"Odalarda ışıksızım, katıksızım, viraneyim!" Yanağıma yapışmasını engellemeye çalıştığım tutamların inadına beni daha da darlamasıyla sesim titrerken dudaklarımı ıslatan gözyaşlarımı emip şarkıma devam ettim. "Seni sensiz duvarlara yazan benim, divaneyim!"
Sesimin bok gibi olması umrumda bile değildi. Zaten hayatım bok gibiydi, sesim de öyle olsa ekstra ne kaybederdim ki?
"Kanım aksı-"
"Ay yeto! Cidden yeto!" Tıpkı kendisi gibi ince sesinden dökülen çığlıkla ortamda adeta flüt sesi çıkaran Nilay kıvırcık saçlarını savura savura delirirken sarkıttığım dudaklarıma kayan simsiyah gözlerini sabır dilercesine yavaşça kapatıp açtı. "Ela artık gerçekten dur be kızım ya! Ağlama hayır! Ağla diye demedim ki ben! Ağlama lütfen ya!"
İçimi çeke çeke ağlamaya koyulduğum koltukta ölü pozisyonuna geçerek kendimi hayattan tamamen koparmayı dilerken ben, havada küçük bir cismin uçtuğunu görür gibi oldum ama emin de olamadım. Zira ağlamaktan şişen, dolayısıyla da baktığımın yüzde on beşlik kısmını zor gören gözlerimin yanlıgısı olma ihtimali de çok yüksekti.
Ancak Nilay'ın Sİ notasından çıkardığı yeni bir çığlıkla havada bir cismin gerçekten uçtuğuna ve gidip de Nilay'ı vurduğuna emin olmuştum.
"Kes sesini be kaşmer!" Tok sesinin asabiyeti bile ayrı bir karizma, ayrı bir seksi olan fettanlar kraliçesi Asu doğuştan alınmış gibi biçimli ve güzel kaşlarını çatarak Nilay'a bakarken arı sokmuşcasına şiş gözlerimi daha da kısarak ona dikkatle baktığımda sol ayağındaki terliğin artık orda olmadığını gördüm.
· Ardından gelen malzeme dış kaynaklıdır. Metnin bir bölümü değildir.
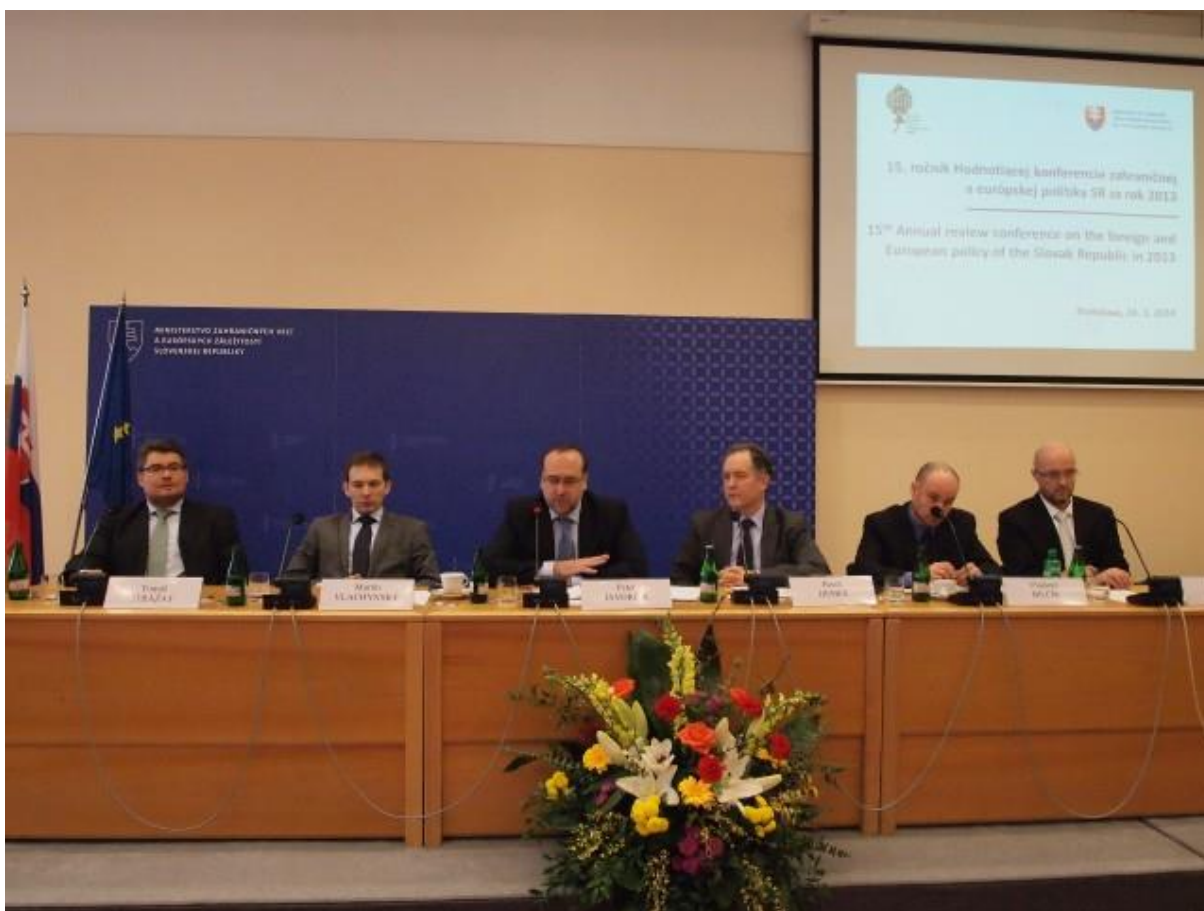
15. ročník Hodnotiacej konferencie zahraničnej politiky SR, Bratislava - 24. marec 2014

Demek ki Nilay'a fırlattığı şey anamın topuklu terliğiydi.
"Zaten üzgün kız, dört saatten beri bozuk musluk gibi aralıksız su akıtıyor. Bir de gelmiş burda yeni müstakbel flörtünle düzgünce mesajlaşamıyorsun diye atar gider yapıyorsun kıza!" Flört falan demişken... Benim canım sevgilim... Eskiden olan canım sevgilim... "Empati yoksunu pis kaşmer seni!"
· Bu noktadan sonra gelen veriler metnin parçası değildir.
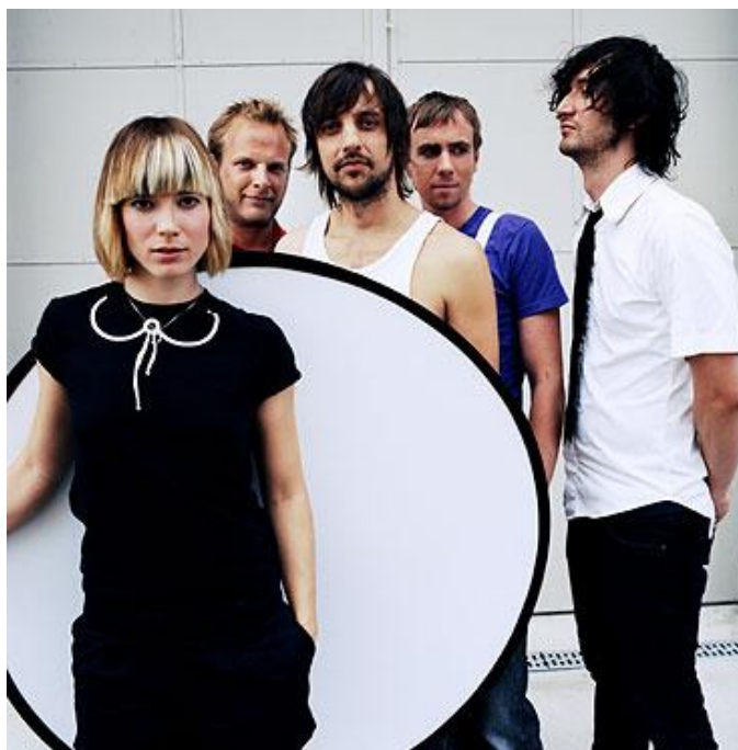
Obr. 5 MIA.

Bu kız avukat olmadan önce de bu kadar agresif ve ters biri miydi yoksa mesleği mi onu bu hale getirdi, bilmiyordum. Sadece... Asu sinirlendiğinde çok korkunç bir insana dönüşüyordu, onu biliyordum.
Korkuyorum a dostlar!
Asu Nilay'ın ağzına sıçar, Nilay da ona kendini açıklama derdiyle götünü yırtarken tepişerek odadan çıktılar. Ben de oluşan sessizlikten istifade etmek suretiyle koltuğun sırtına yüzümü dönüp biraz da bu şekilde ağlamayı düşlediğimde ayak ucumdaki boş kısımda hissettiğim ağırlıkla vücudum minikçe silkelendi.
Sonra üstüme doğru vuran bir karartı hissettim. "Kuşum?"
Feyza'nın kısık sesle mırıldanışıyla kirpiklerim titredi ama ayrılmadı. Zor geliyordu esasen artık gözlerimi aralamak. Etrafa bakmak. Konuşmak. Gülmek. Her şey çok zor geliyordu. Başım zonkluyordu. Bir de kalbim. Hiçbir şey yapmak istemiyordum.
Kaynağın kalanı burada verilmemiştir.